Provided data
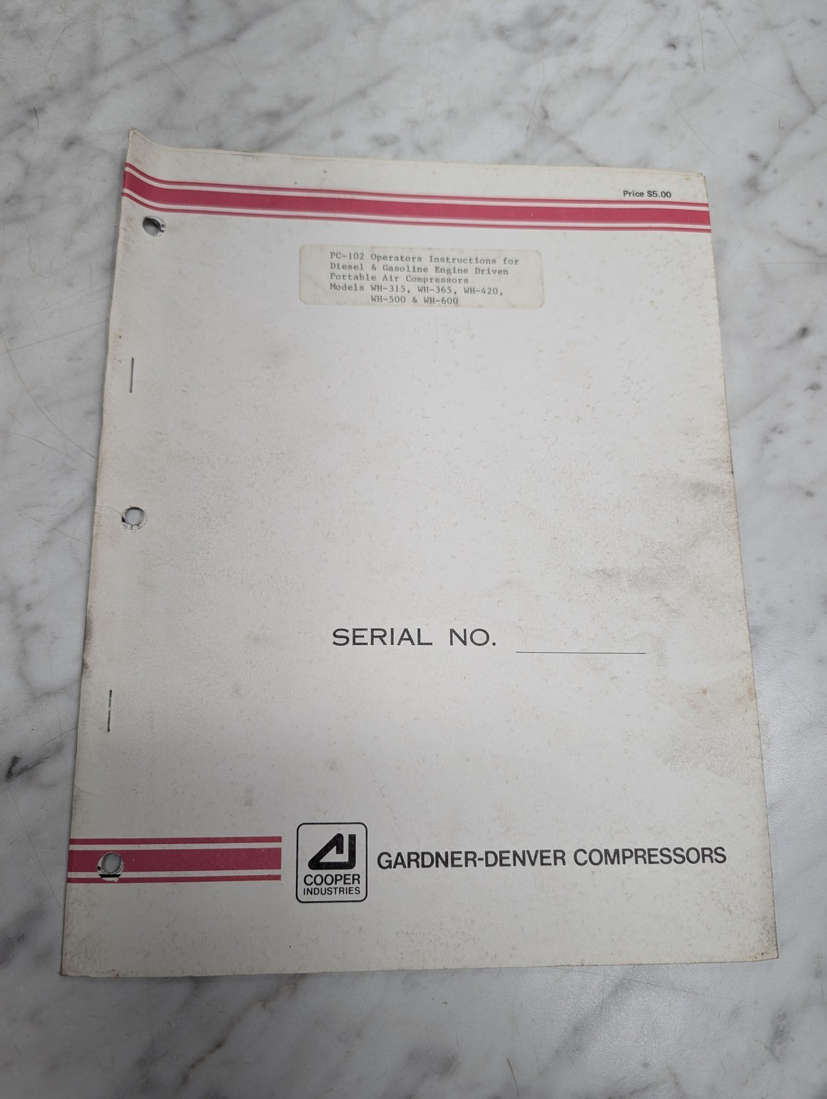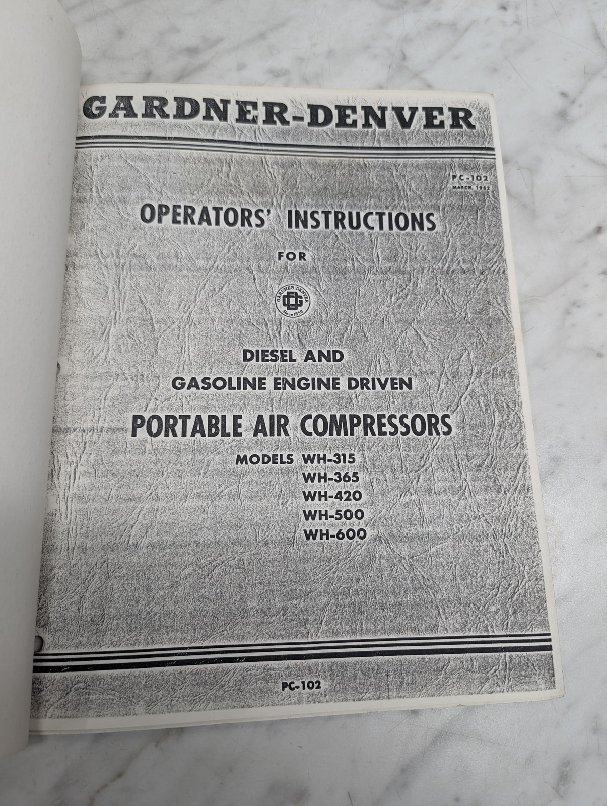 Gardner Denver Compressors Wh 315 420 600 Pc 102 Portable Air Operators Manual
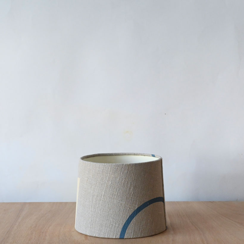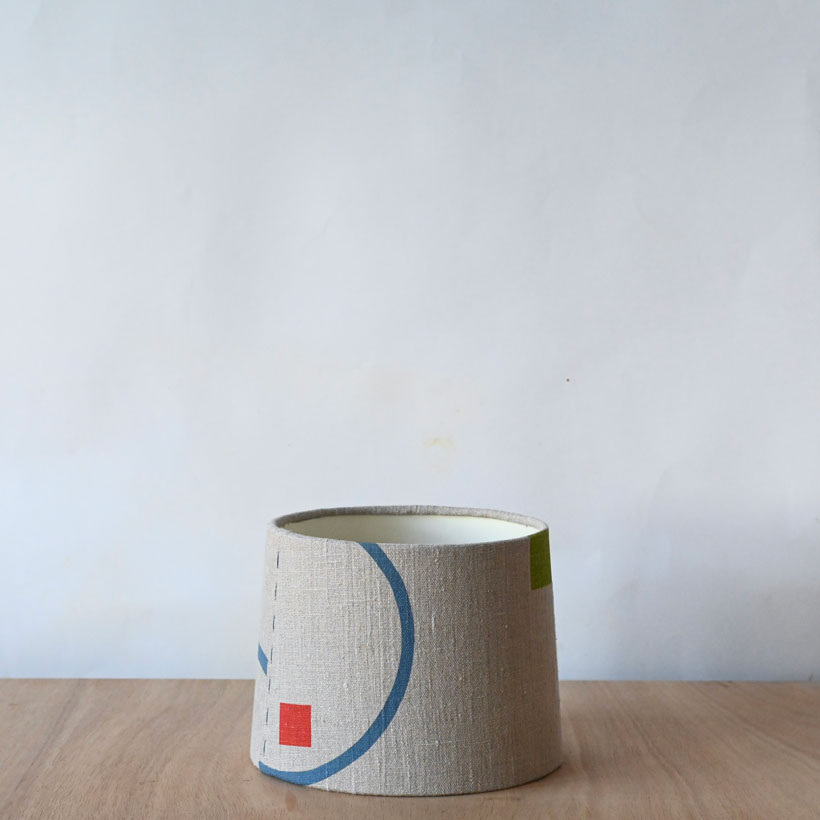 This single shades is made up from a length of hand printed linen on which I silk screened an abstract composition which was intended to be cut up and to give up random compositions, the components on this edition are a creamy off white, spring green, blue and pink. they suit the bare timber lamps beautifully. the lampshade is backed with cream card and has a stitched seam. Views from all angles are in the gallery.
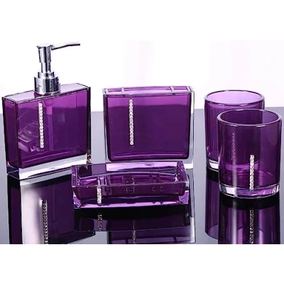 Bathroom accessory Set Purple soap dish Acrylic Bathroom,5PC/Set Accessories In Bath Cup Bottle Toothbrush Holder
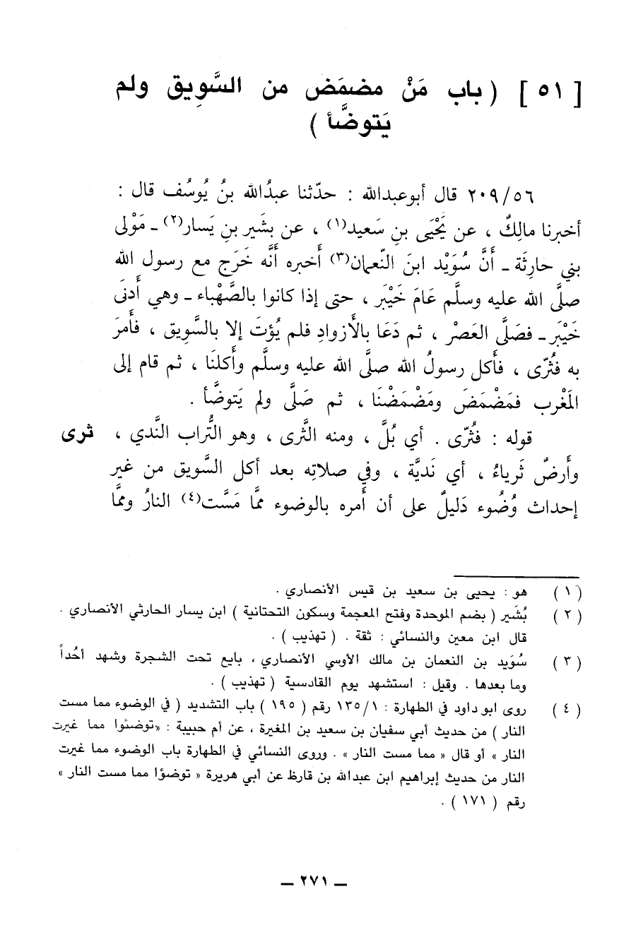 56/ 209 - قال أبو عبد الله: حدثنا عبد الله بن يوسف قال: أخبرنا مالك، عن يحيى بن سعيد، عن بشير بن يسار -مولى بني حارثة- أن سويد بن النعمان أخبره أنه خرج مع رسول الله صلى الله عليه وسلم عام خيبر، حتى إذا كانوا بالصهباء -وهي أدنى خيبر- فصلى العصر، ثم دعا بالأزواد فلم يؤت إلا بالسويق، فأمر به فثُرِّي، فأكل رسول الله صلى الله عليه وسلم وأكلنا، ثم قام إلى المغرب فمضمض ومضمضنا، ثم صلى ولم يتوضأ.

The task
Restate the entire listing word for word, excluding pictures.

Written reply
 Gardner Denver Compressors Wh 315 420 600 Pc 102 Portable Air Operators Manual
 This single shades is made up from a length of hand printed linen on which I silk screened an abstract composition which was intended to be cut up and to give up random compositions, the components on this edition are a creamy off white, spring green, blue and pink. they suit the bare timber lamps beautifully. the lampshade is backed with cream card and has a stitched seam. Views from all angles are in the gallery.
 Bathroom accessory Set Purple soap dish Acrylic Bathroom,5PC/Set Accessories In Bath Cup Bottle Toothbrush Holder
 56/ 209 - قال أبو عبد الله: حدثنا عبد الله بن يوسف قال: أخبرنا مالك، عن يحيى بن سعيد، عن بشير بن يسار -مولى بني حارثة- أن سويد بن النعمان أخبره أنه خرج مع رسول الله صلى الله عليه وسلم عام خيبر، حتى إذا كانوا بالصهباء -وهي أدنى خيبر- فصلى العصر، ثم دعا بالأزواد فلم يؤت إلا بالسويق، فأمر به فثُرِّي، فأكل رسول الله صلى الله عليه وسلم وأكلنا، ثم قام إلى المغرب فمضمض ومضمضنا، ثم صلى ولم يتوضأ.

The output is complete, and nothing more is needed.